Zhou Erjin: Definitions vary. I see it as out-of-the-box usability with scenario generalization and guaranteed accuracy. Your model and hardware should work not just in your lab but anywhere.

This could involve simple tasks like pick-and-place (moving objects from point A to B), which already address many problems. Achieving error-free performance across diverse scenarios and objects would represent a significant leap beyond existing models.

Theory of Intelligent Evolution: Could you clarify “out-of-the-box” with an example? Would downstream manufacturers simply deploy our models?

Zhou Erjin: We’ll initially bind our models to our own hardware, as our proprietary hardware and algorithms are optimally aligned. On our platforms, we aim for out-of-the-box basic actions. We break down generalization into four dimensions: objects, scenarios, tasks, and hardware configurations, with difficulty increasing sequentially. Our primary focus is on the first three. Hardware adaptation involves a learning process—like a large model unfamiliar with German needing fine-tuning with German data to become proficient.

Theory of Intelligent Evolution: What’s overhyped and what’s underestimated in the industry?

Zhou Erjin: Compared to large models, embodied AI isn’t overhyped—if anything, it lacks sufficient attention. Expectations for general-purpose robots remain consistently underestimated.

I believe data investment is still insufficient. Many large-scale data efforts originate overseas, proving their viability, while we follow. The industry needs greater, more resolute commitment to data investment.

Theory of Intelligent Evolution: What challenges does the industry face with real-world data?

Zhou Erjin: Balancing cost, scale, and precision is key. Scaling up while controlling costs makes it hard to maintain both scale and high precision.

For broad scenario generalization (e.g., human or egocentric data), precision is low but volume is high. For precise execution of specific actions, teleoperation captures high-precision joint motor signals—but at the cost of scalability.

Theory of Intelligent Evolution: What constitutes high-quality data for training embodied models?
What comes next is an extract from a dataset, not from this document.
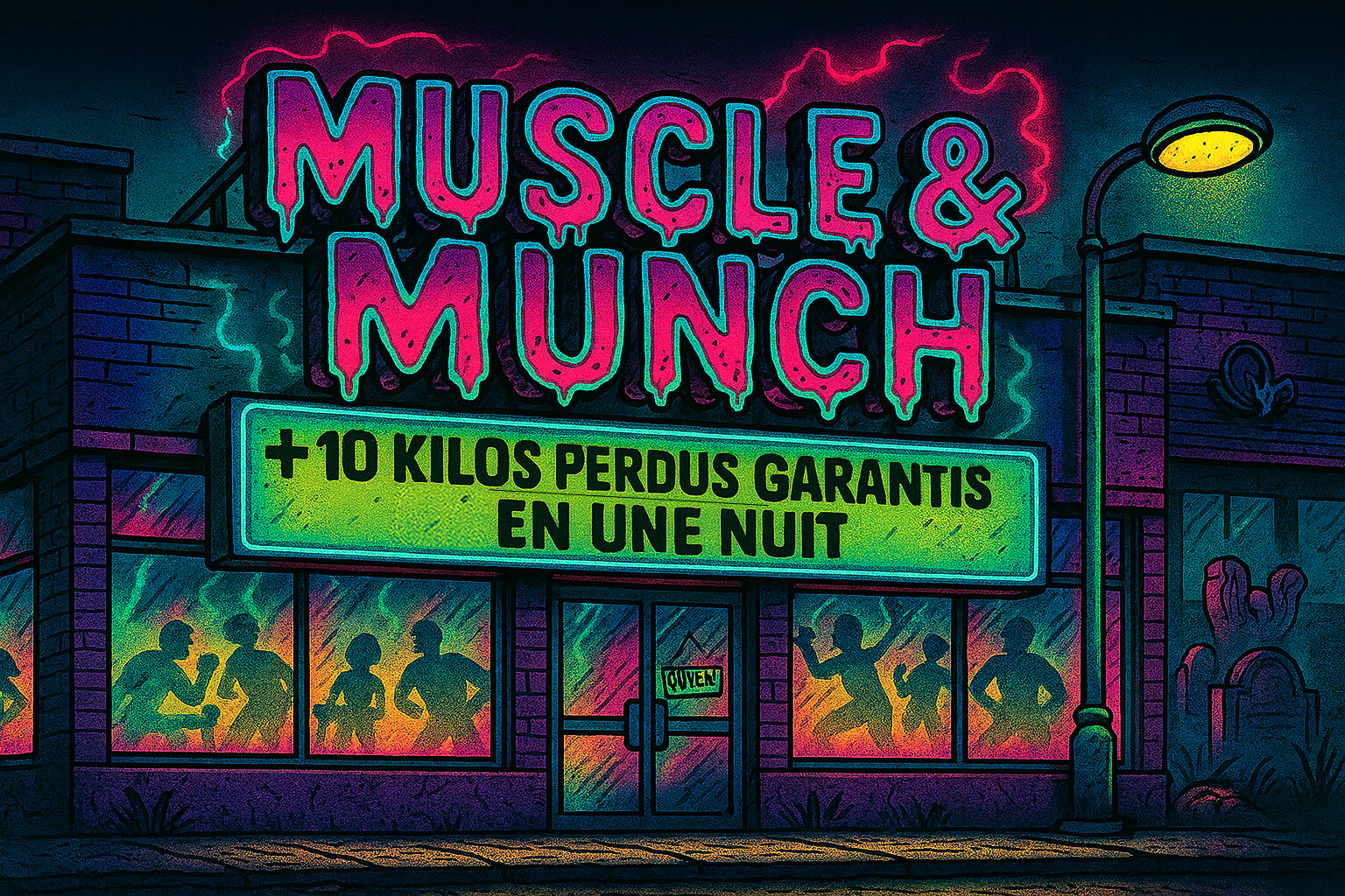 Bienvenue au Muscle & Munch, la salle de sport où tout se perd… sauf les kilos.Dans une ambiance fluo et...

Zhou Erjin: It depends on your goals—address deficiencies directly.

Theory of Intelligent Evolution: You use three data types: multimodal internet data, driving behavior data, and embodied multi-sensor data. Will real-world data’s share keep growing?

Zhou Erjin: Absolutely. Real-world data is the biggest variable for improving model quality. Robot data collection is just beginning to scale up, and volume can be increased rapidly.

Theory of Intelligent Evolution: You mentioned “investing data where entropy lies.” Who judges entropy—humans or systems?

Zhou Erjin: Ultimately, we aim for automated system feedback. Areas prone to errors—high information density—should be prioritized for resource allocation. Once resolved, they become trivial (like elementary math problems). But current baselines are low, so human judgment suffices for now.

Theory of Intelligent Evolution: Your “whole-body, full-time, omni-domain” data collection—what does “omni-domain” mean?

Zhou Erjin: It refers to collection scenarios and locations. If robots are to eventually perform most human daily tasks, their training should cover all areas where humans currently operate.

Theory of Intelligent Evolution: How do you view first-person data collection?

Zhou Erjin: It’s highly valuable. First-person perspective is a major focus for us this year. Before large-scale robot deployment, it offers a cost-effective way to capture diverse actions across scenarios.

Models and Closed Loops

Theory of Intelligent Evolution: What’s your take on the VLA (Visual-Language-Action) pathway?

Zhou Erjin: Current embodied training transfers knowledge from existing systems to the physical world. VLA builds on internet-pretrained VLMs, adding action or robot data to acquire physical skills. However, its upper limit may be apparent—like a child raised solely on books until age 10 before learning to play soccer, limiting athletic development. That’s why our DM0 model adopts an embodied-native VLA approach, training internet and robot data jointly from day one—like a child who reads and plays sports equally from the start.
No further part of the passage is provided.